The same is not true either in the Palestinian territories or in the despeje. The Palestinian people not only do not have any constitutional means to get rid of Arafat and his cronies. Their Parliament does not control his spending. AND the Palestinian Authority's income is not internally generated. The European Union pays 10 million dollars monthly for the salaries of municipal workers, police and security organizations. The ruling elite has also at its disposal significant funds contributed by the United States, the United Nations, Arab states and various charities. The same is true about the Colombians except that FARC's income is derived from the sale of narcotics. Hence, both the PLO and FARC are able to embark with impunity on military adventures with total disregard for the effect their actions have on the economies under their control. The unemployment in the territories has reached 40% but the PLO budget is unaffected. The Colombian despeje are turning into refugees but the drug money continues to fill FARC's coffers. In short, the people are nothing more than the hostages of highly ideological and unaccountable ruling elites.

These ideologues do not concern themselves with the welfare of living, breathing individuals but with the rights of groups represented by a self appointed elite unhampered by the great unwashed. In his perceptive forthcoming Orbis article entitled"Liberal Democracy vs. Transnational Progressivism: The Future of Ideological Civil War Within the West," John Fonte writes: For transnational progressives"the key political unit is not the individual citizen who forms voluntary associations and works with fellow citizens regardless of race, sex, or national origin, but the ascriptive group (racial, ethnic, or gender) into which one is born." The European Union, argues Fonte, is a stronghold of transnational progressivism. It is therefore a small wonder it suffers from a democratic deficit. These transnational progressives care little about the plight of individual Palestinians, or individual Colombians, but they care deeply about the right of the"Palestinian and Colombian peoples" as a whole. They do not see Arafat as the head of the Palestinian residents of the West Banks and Gaza but as the representative of the Palestinian nation. Nor do they see FARC commander, Marulanda, as the head of the residents of the despeje but as the head of revolutionary Colombia.

As it was Europeans, the leaders of transnationalist progressivism (Peres called on Israelis to take up an 'ultranational' identity) who designed the peace processes, it follows that the system they designed not only fails to moderate the revolutionaries but further enhances the ability to achieve their goals by providing them with a secure physical base and a hapless population. Indeed, the divergence between American and European attitude towards terrorism, I noted in my previous article, reflects divergence between liberal democrats and transnational progressives.

Be that as it may, a peace process will only moderate belligerent elites when the moderate center is given significant leverage over them. Hence, an electoral democracy in which the representatives of the people control the purse strings is not a luxury but an essential requirement for the achievement of peace.

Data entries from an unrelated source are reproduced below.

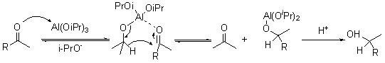 The reduction of aldehydes and ketones to the corresponding alcohols with aluminum isopropoxide [Al(OiPr)3] in the presence of 2-propanol (reverse of the Oppenauer Oxidation) is called Meerwein-Ponndorf-Verley reduction (Scheme 9).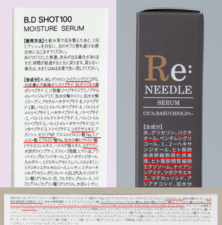 リニードルを今すぐ試してみる一方、B.Dショットはナイアシンアミドやボツリヌス菌由来成分などを配合。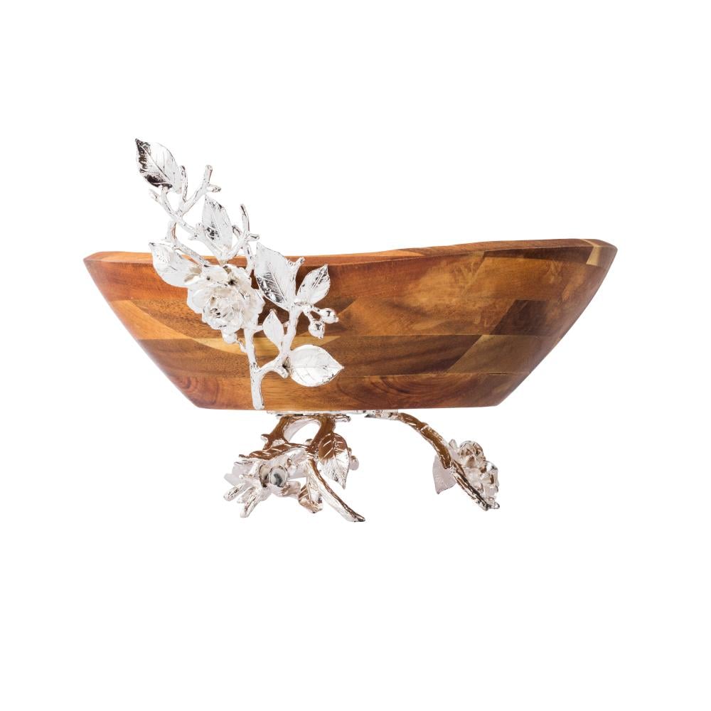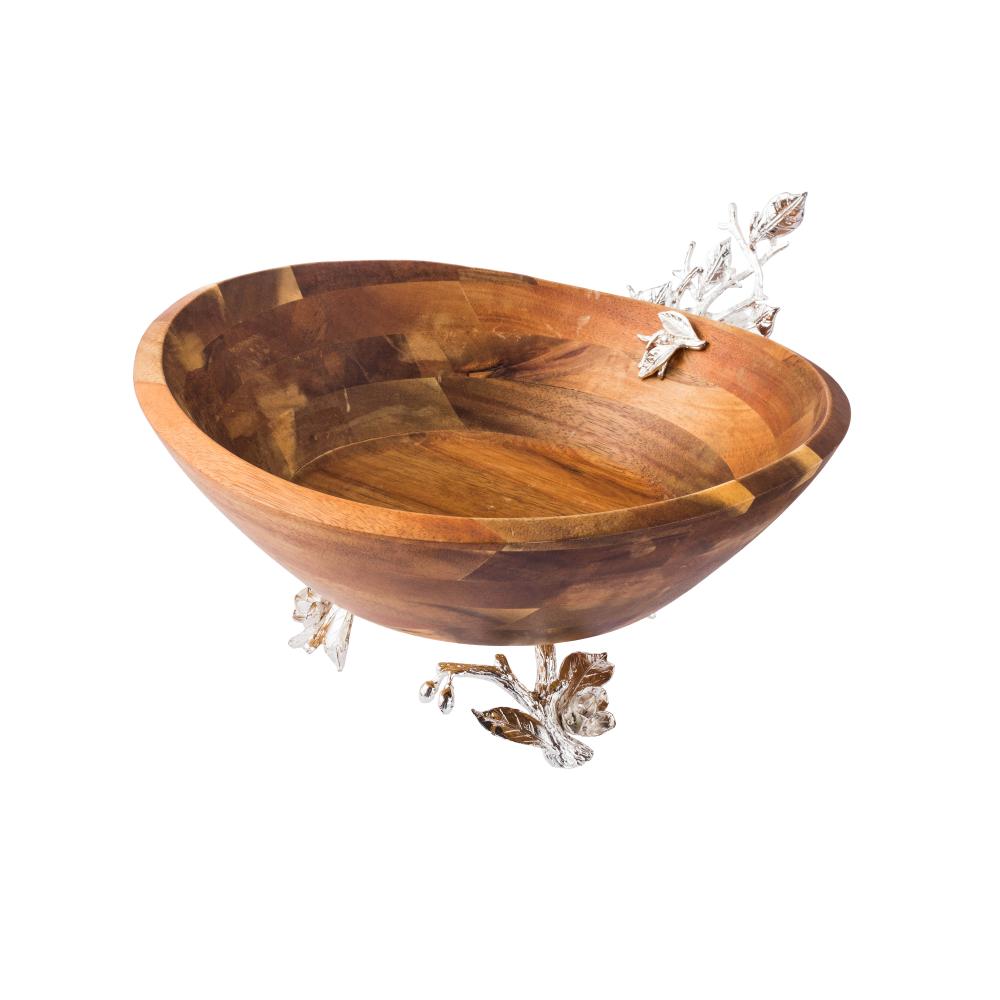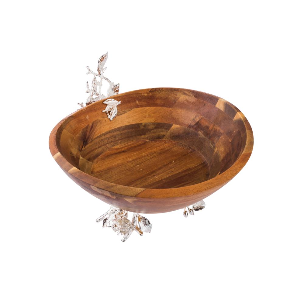 صحن حلويات خشب هندي بقاعدة معدن فضي
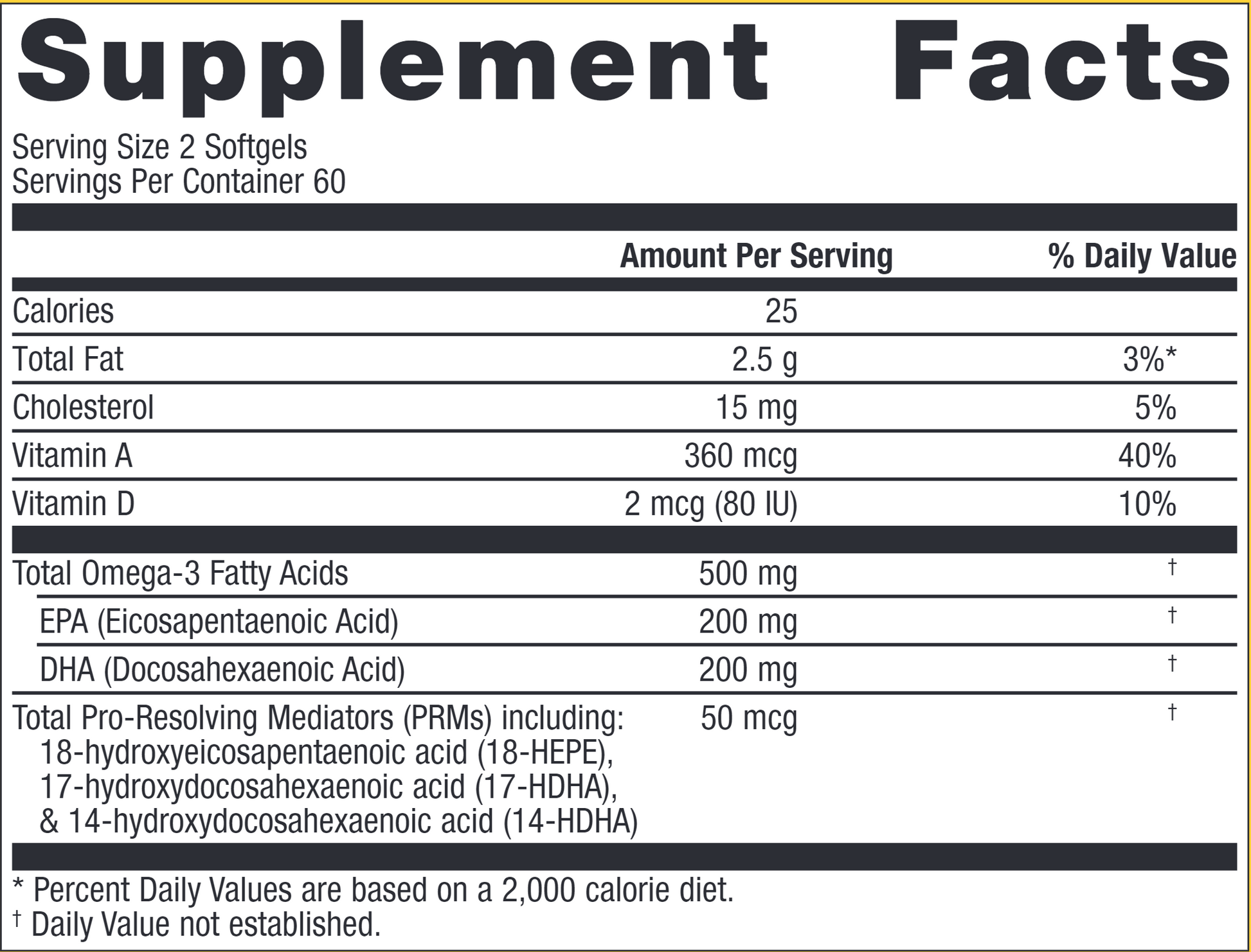 View compareOne Serving (2 Softgels) contains a naturally occurring spectrum of omega-3 fatty acids with bioactive pro-resolving mediators, as well as all-natural forms of vitamin A and vitamin D.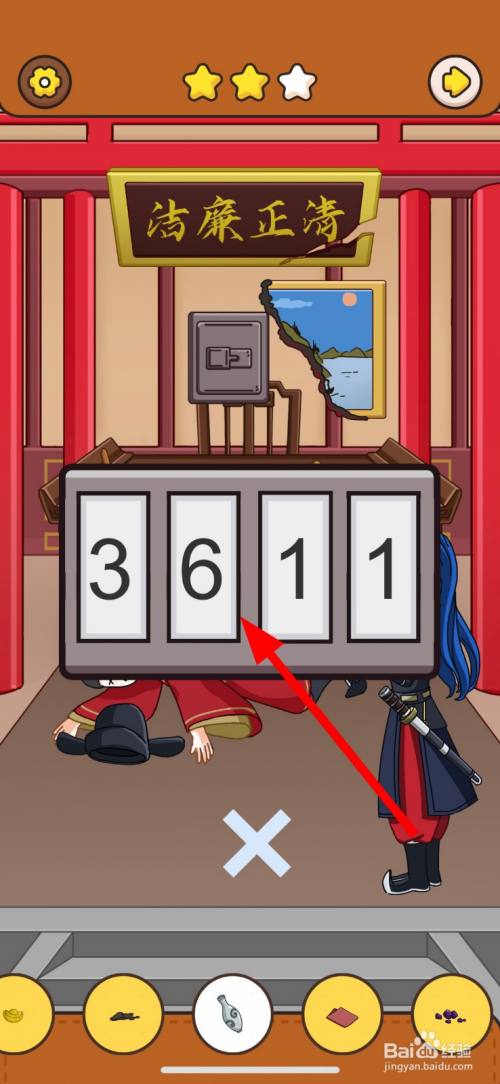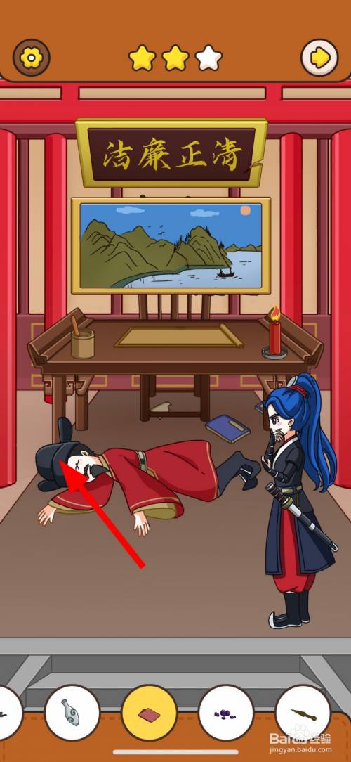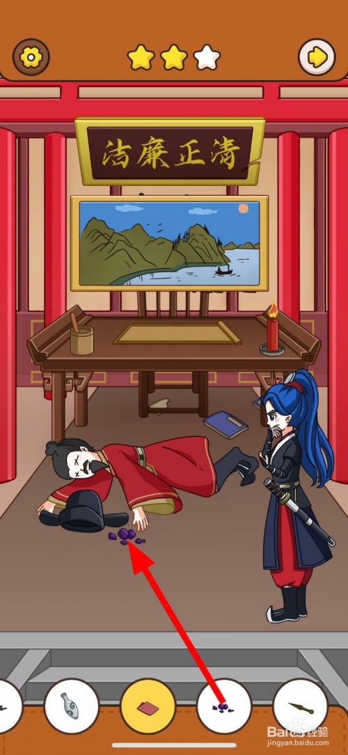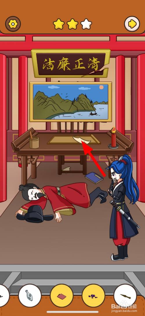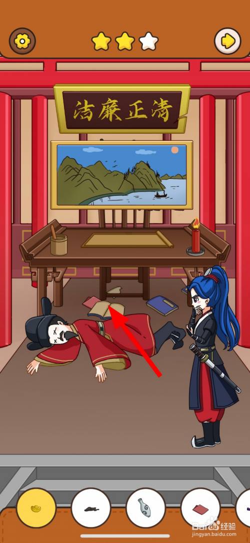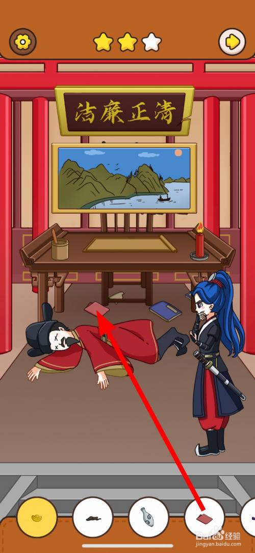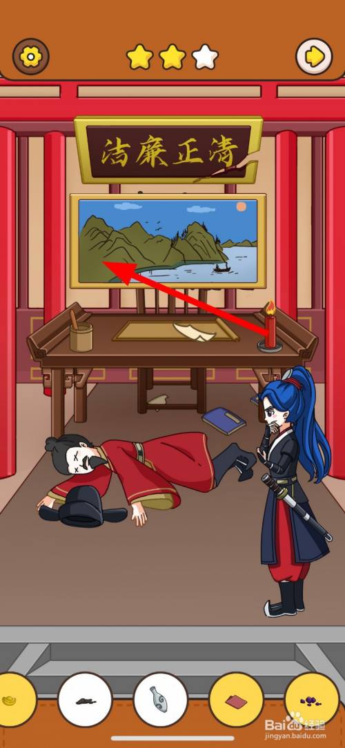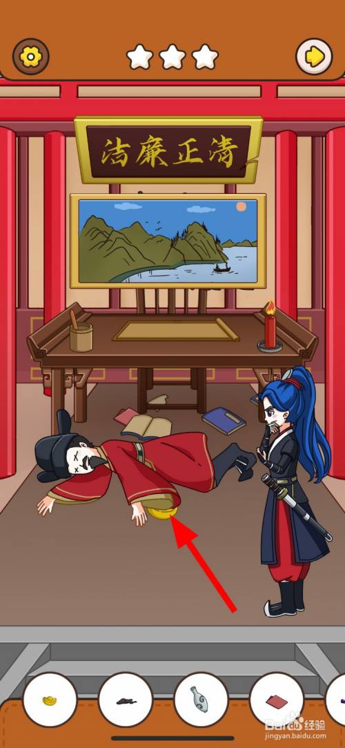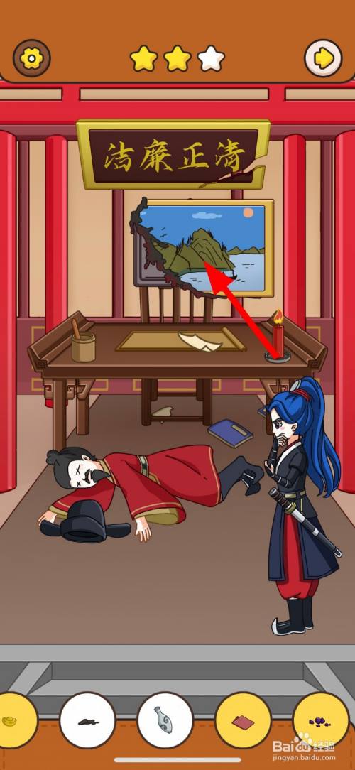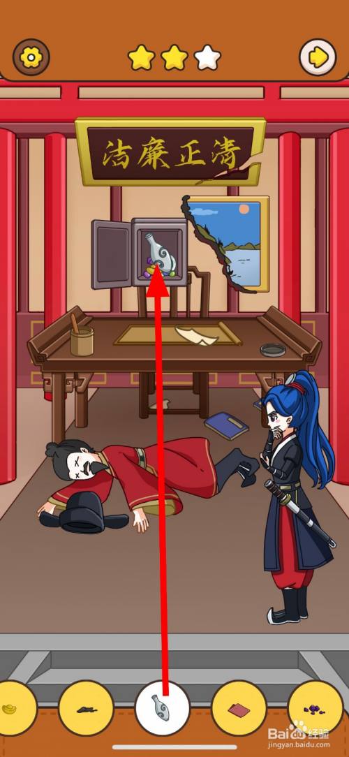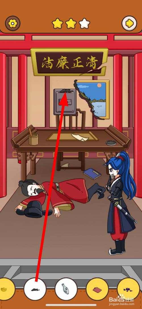 然后,点击清正清廉牌匾右边破损的缺口2次。

Sharansky is right. The international community should help Palestinians develop democratic institutions before Israel embarks on new peace talks. As the most articulate Palestinian spokesperson, Dr. Hanan Ashrawi, wrote in February 16, 2002 article" Palestinian Elections: Why, When, Where, Who?" (www.miftah.org):"As an internal requirement for the reinforcement of democracy and democratic practice, as well as for strengthening the internal front, empowering and guiding decision-making process, carrying out the necessary institutional and economic reform, sustaining a genuine separation of powers, and ensuring both efficiency and accountability in the public sector, the Palestinian people on the whole have been demanding elections for a long time."

It is in the interest of all peace loving people to support their demand. Moreover, to further empower the Palestinian people all international financial aid should be directed towards long-term investment in the economic infrastructure of the territories. Ongoing governmental expenditures should be internally generated. It is time to place the Palestinian people in charge of their own fate.